Our study empirically confirms the cognitive bias risks embedded in LLM agents.
It highlights the complexity and importance of debiasing AI agents.
- Score: 4.65004369765875
- License:
- Abstract: Can AI be cognitively biased in automated information judgment tasks? Despite recent progresses in measuring and mitigating social and algorithmic biases in AI and large language models (LLMs), it is not clear to what extent LLMs behave "rationally", or if they are also vulnerable to human cognitive bias triggers.
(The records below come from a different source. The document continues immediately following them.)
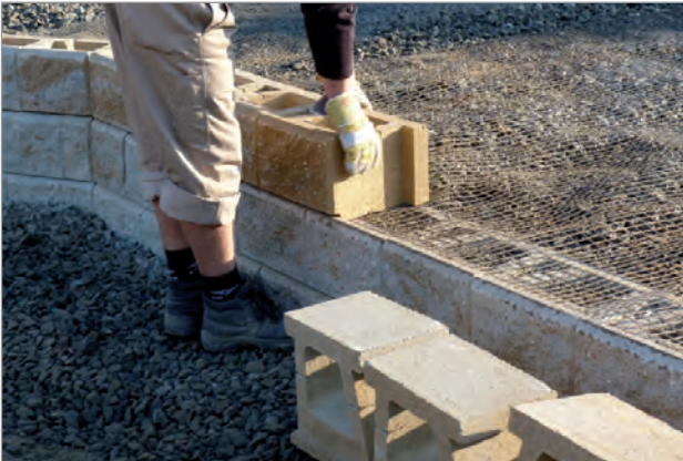
Einbau der Geokunststoffbewehrung
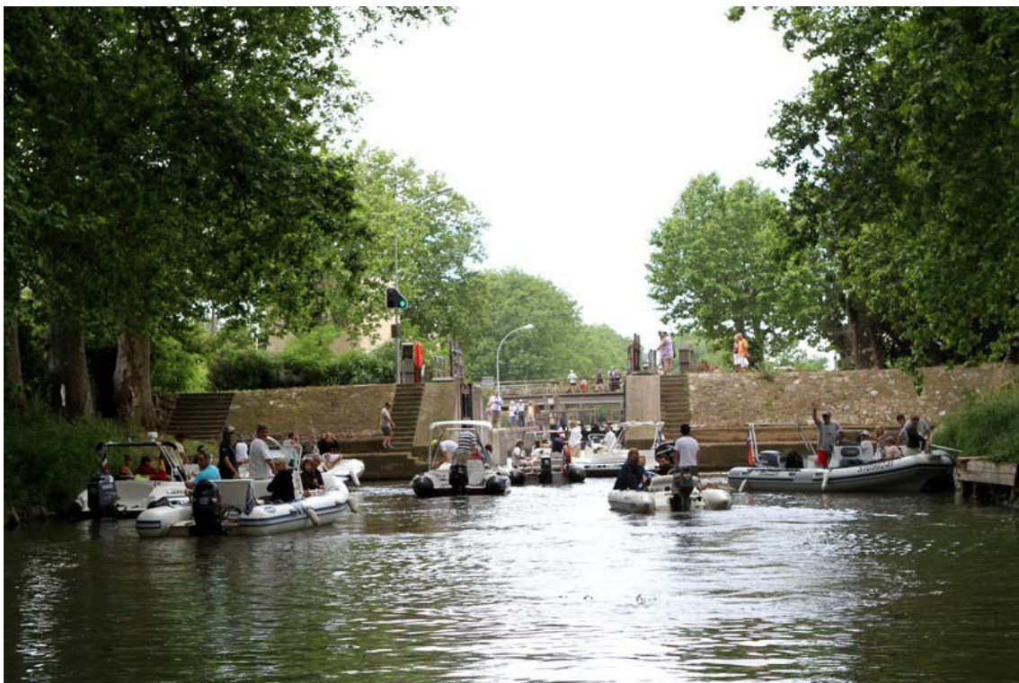
Jusqu'à la seconde écluse « Ronde »...
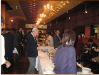
料理を楽しむ出席者
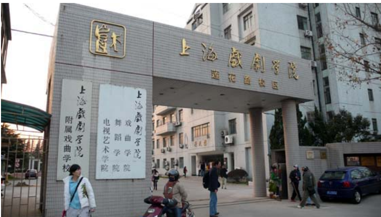
上海戲劇學院蓮花校區大門

上海戲劇學院戲曲學院，是上海地區唯一以培養戲曲高層次藝術人才的高等學府。在市上海市政府相關單位的直接領導下，她為緩解上海地區戲曲高層次表演、導演後繼人才的匱乏應運而生，在整合上海地區高等藝術教育資源的歷程中迅速壯大。戲曲
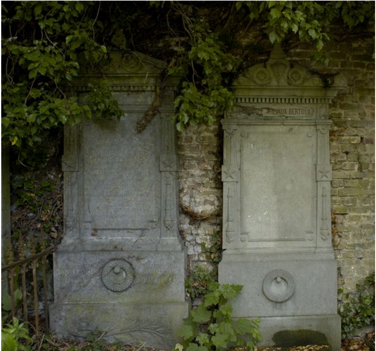
Vue de situation : tombeau à droite de l'image.
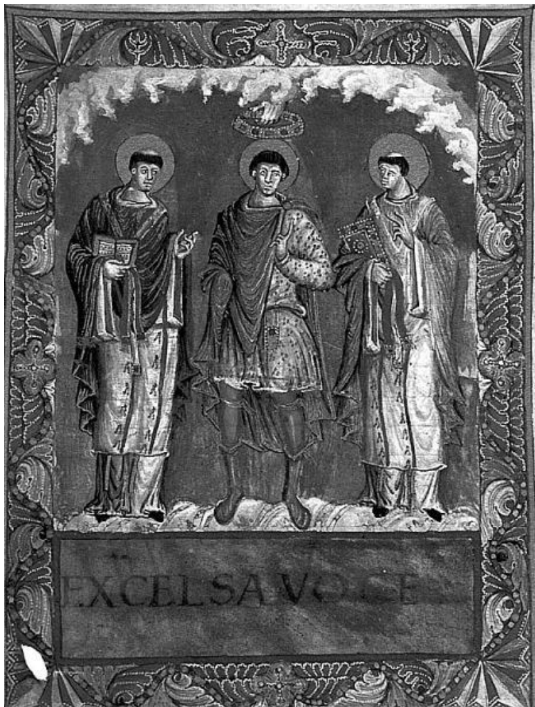
Карл Великий и Папы Римские Геласий I и Григорий I.

To address this open problem, our study, consisting of a crowdsourcing user experiment and a LLM-enabled simulation experiment, compared the credibility assessments by LLM and human judges under potential decoy effects in an information retrieval (IR) setting, and empirically examined the extent to which LLMs are cognitively biased in COVID-19 medical (mis)information assessment tasks compared to traditional human assessors as a baseline. The results, collected from a between-subject user experiment and a LLM-enabled replicate experiment, demonstrate that 1) Larger and more recent LLMs tend to show a higher level of consistency and accuracy in distinguishing credible information from misinformation. However, they are more likely to give higher ratings for misinformation due to the presence of a more salient, decoy misinformation result; 2) While decoy effect occurred in both human and LLM assessments, the effect is more prevalent across different conditions and topics in LLM judgments compared to human credibility ratings. In contrast to the generally assumed "rationality" of AI tools, our study empirically confirms the cognitive bias risks embedded in LLM agents, evaluates the decoy impact on LLMs against human credibility assessments, and thereby highlights the complexity and importance of debiasing AI agents and developing psychology-informed AI audit techniques and policies for automated judgment tasks and beyond.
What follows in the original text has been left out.